Japanese 25mm Anti-Aircraft Gun Type 96 (1936)
In 1935 the Imperial Japanese Navy decided to replace the earlier 40mm Anti-Aircraft Gun HI Type 91 with a 25mm Hotchkiss design as a dual purpose automatic cannon against aircraft, ships or ground targets. The first few weapons were built in France under the designation “Type 94” and “Type 95”, with the mass production model was the "Type 96" produced at Yokosuka Arsenal. The Japanese made a number of minor changes to the original Hotchkiss design and production process, changing some components from forgings to castings to simplify production and replacing the simple conical flash suppressor with a Rheinmetall design.
The Type 96 was the standard medium anti-aircraft weapon of the Imperial Japanese Navy, and was used on virtually every warship during World War II. It was also installed on land to defend Navy airfields and installations.
The double mount type was the first to enter service.

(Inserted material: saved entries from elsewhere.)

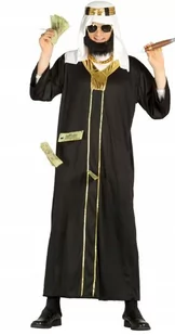 Kostium Araba, Szejka, Muzułmanina - Króla Ropy to zestaw, na który składa się długa czarna szata arabska, zdobiona złotymi elementami oraz charakterystyczne białe nakrycie głowy. Poczuj się jak zamożny książe z dubaju, zaszalej na imprezie tematycznej lub karnawałowej.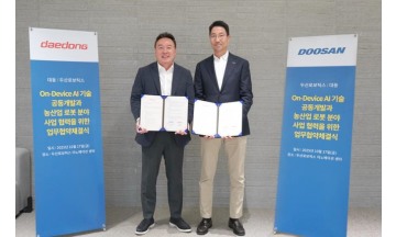 두산로보틱스는 농기계 전문 기업 대동과 손잡고 농업용 로봇 분야 신사업을 발굴한다고 20일 밝혔다. 양사는 지난 17일 경기 성남시 분당구 두산로보틱스 이노베이션센터에서 '온디바이스 인공지능(AI) 기술 공동 개발 및 농산업 로봇 분야 사업 협력을 위한 업무협약(MOU)'을 체결했다.두산로보틱스와 대동은 스마트팜·실외에 최적화된 농업 로봇을 공동 개발하고 비정형 농업 환경에 적용 가능한 온디바이스 AI를 개발, 상용화한다. 또 이 분야 글로벌 시장 개척에 힘을 모은다.두산로보틱스는 농업에 특화된 이동형 로봇을 제품화하기 위해 로봇 팔과 제어 시스템을 설계·제조하고 로봇 팔 동작 개발을 맡는다. 대동은 다양한 농업 현장 데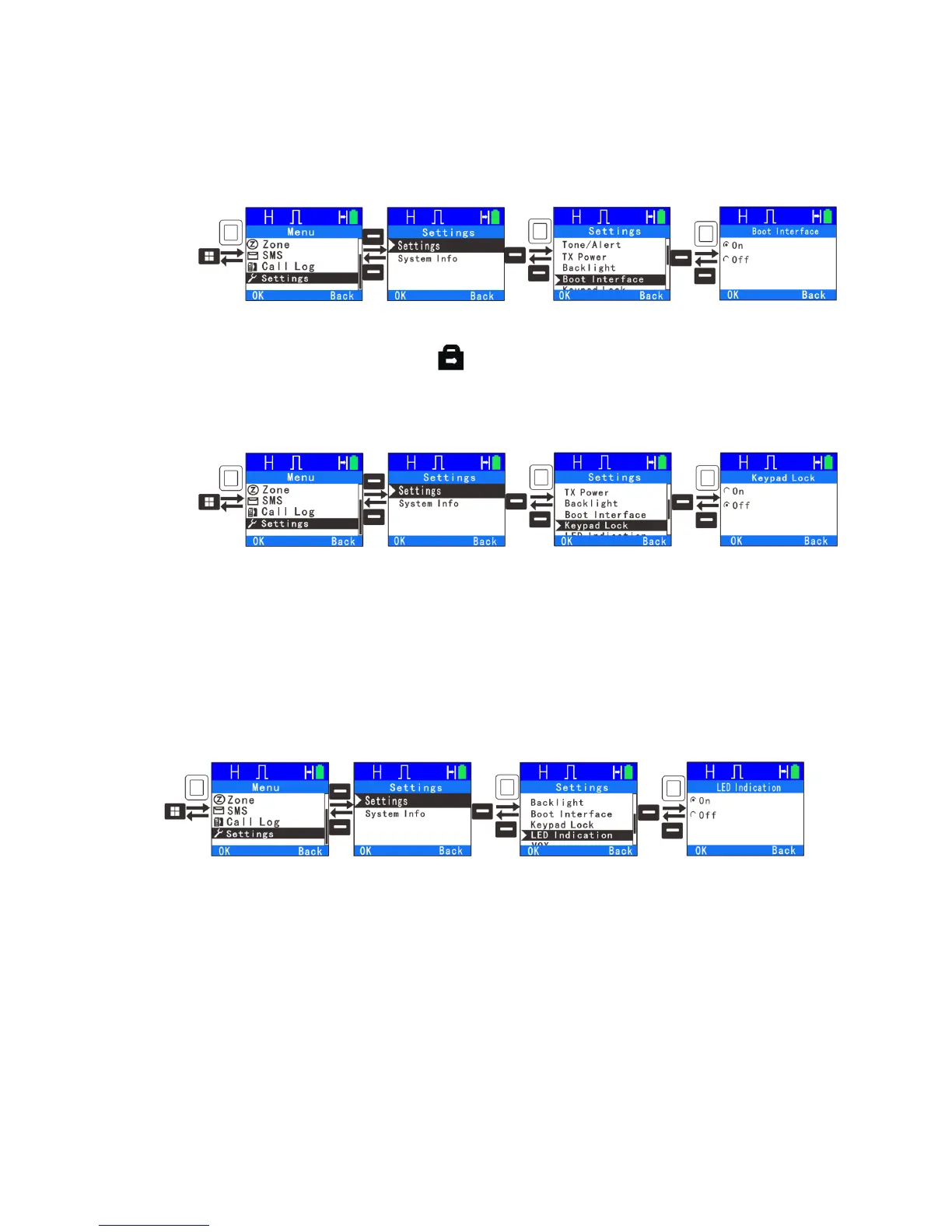 ●Keypad Lock: Allow a user to enable or disable the keypad lock via the menu.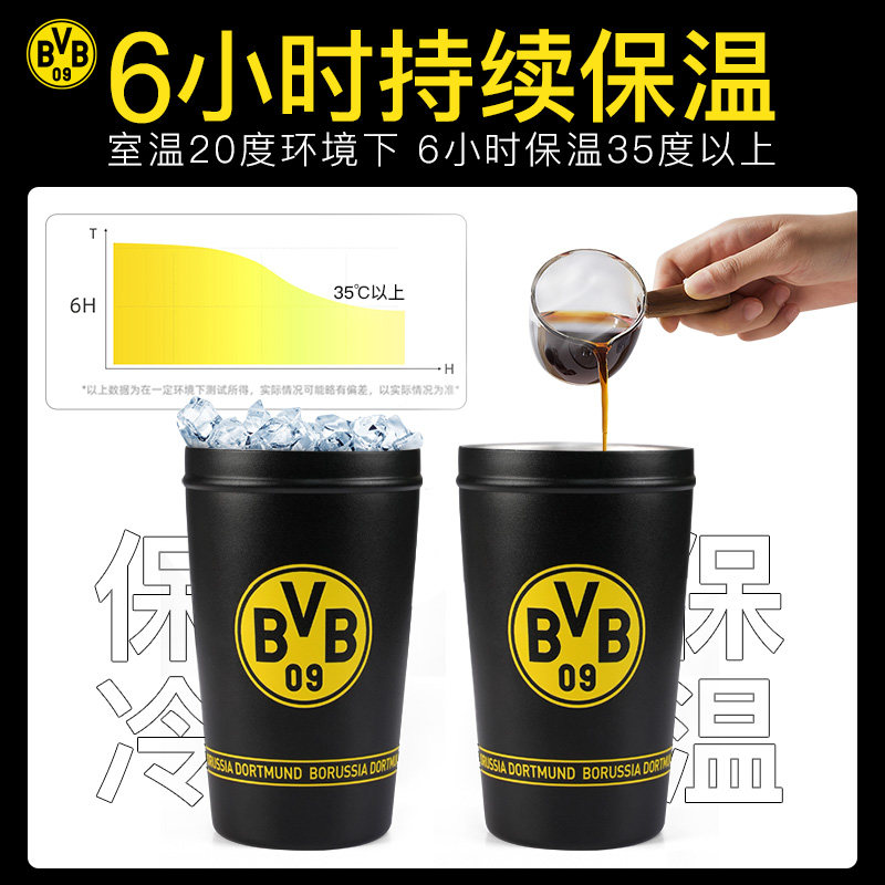 Borussia Dortmund Team Emblem Letter Coffee Cup Portable Insulation Cup Metal Texture Advanced Sensation Water Cup-Taobao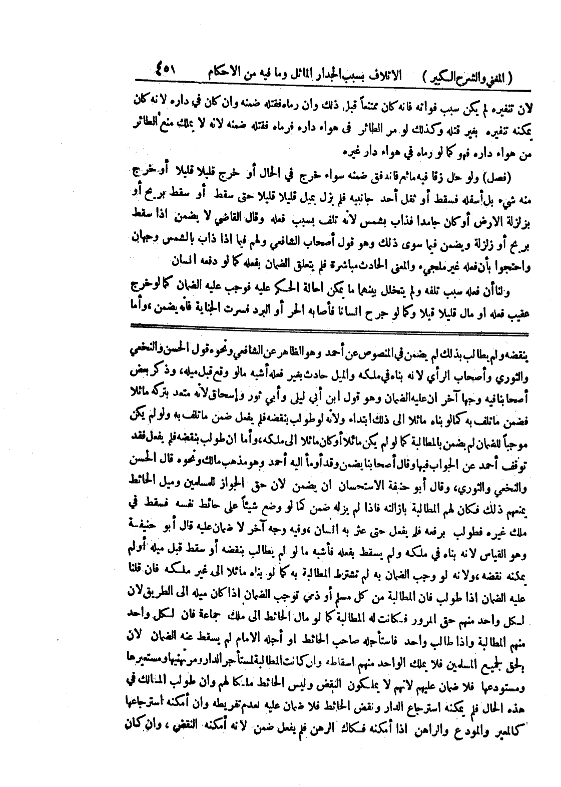 ينقضه ولم يطالب بذلك لم يضمن في المنصوص عن أحمد وهو الظاهر عن الشافعي ونحوه قول الحسن والنخعي والثوري وأصحاب الررأي لأنه بناه في ملكه والميل حادث بغير فعله أشبه مالو وقع ميله، وذكر بعض أصحابنا فيه وجهاً آخر أن عليه الضمان وهو قول ابن أبي ليلى وأبي ثور وإسحاق لأنه متعد بتركه مائلاً فضمن ما تلف به كما لو بناه مائلاً إلى ذلك إبتداء ولانه لو طولب بنقضه فلم يفعل ضمن ما تلف به ولو لم يكن موجباً للضمان لم يضمن بالمطالبة كما لو لم يكن مائلا أو كان مائلاً إلى ملكه، وأما إن طولب بنقضه فلم يفعل فقد توقف أحمد عن الجواب فيها وقال أصحابنا يضمن وقد أومأ إليه أحمد وهو مذهب مالك ونحو قال الحسن والنخعي والثوري، وقال أبو حنيفة الإستحسان أن يضمن لأن حق الجواز للمسلمين وميل الحائط يمنعهم ذلك فكان لهم المطالبة بإزالته فإذا لم يزله ضمن كما لو وضع شيئاً على حائط نفسه فسقط في ملك غيره فطولب برفعه فلم يفعل حتى عثر به إنسان، وفيه وجه آخر لا ضمان عليه قال أبو حنيفة وهو القياس لأنه بناه في ملكه ولم يسقط بفعله فأشبه مالو لم يطالب بنقضه أو سقط قبل ميله أولم يمكنه نقضه، ولأنه لو وجب الضمان به لم تشترط المطالبة به كما لو بناه مائلاً إلى غير ملكه فإن قلنا عليه الضمان إذا طولب فإن المطالبة من كل مسلم أو ذمي توجب المضان إذا كان ميله إلى الطريق لأن لكل واحد منهم حق المرور فكانت له المطالبة كما لو مال الحائط إلى ملك جماعة فإن لكل واحد منهم المطالبة وإذا طالب واحد فاستأجله صاحب الحائط أو أجله الإمام لم يسقط عنه الضمان لأن الحق لجميع المسلمين فلا يملك الواحد منهم إسقاطه وإن كانت المطالبة لمستأجر الدار ومرتهنيها ومستعيرها ومستودعها فلا ضمان عليهم لأنهم لا يملكون القبض وليس الحائط ملكها لهم وإن طولب المالك في هذه الحال فلم يمكنه استرجاع الدار ونقض الحائط فلا ضمان عليه لعدم تفريطه وإن أمكنه استرجاعها كالمعير والمودع والراهن إذا أمكنه فكاك الرهن فم يفعل ضمن لأنه أمكنه النقض، وإن كان

During 1941, triple mounts entered service.
In 1943, singe mount versions entered service.
Stainless Steel Version
A submarine version was produced, made of stainless steel to allow it to be submerged underwater.
A total of 33,000 guns were built.
Muzzle Velocity 2,953 ft/s
Shell 25mm × 163mm
Rate of Fire 200–260 rpm 110 rpm (effective)
Range 6,800 m (7,439 yards) at 45 degrees elevation with HE shell
Fuses HE (High Explosive), HET (High Explosive Tracer), HEI (High Explosive Incendiary)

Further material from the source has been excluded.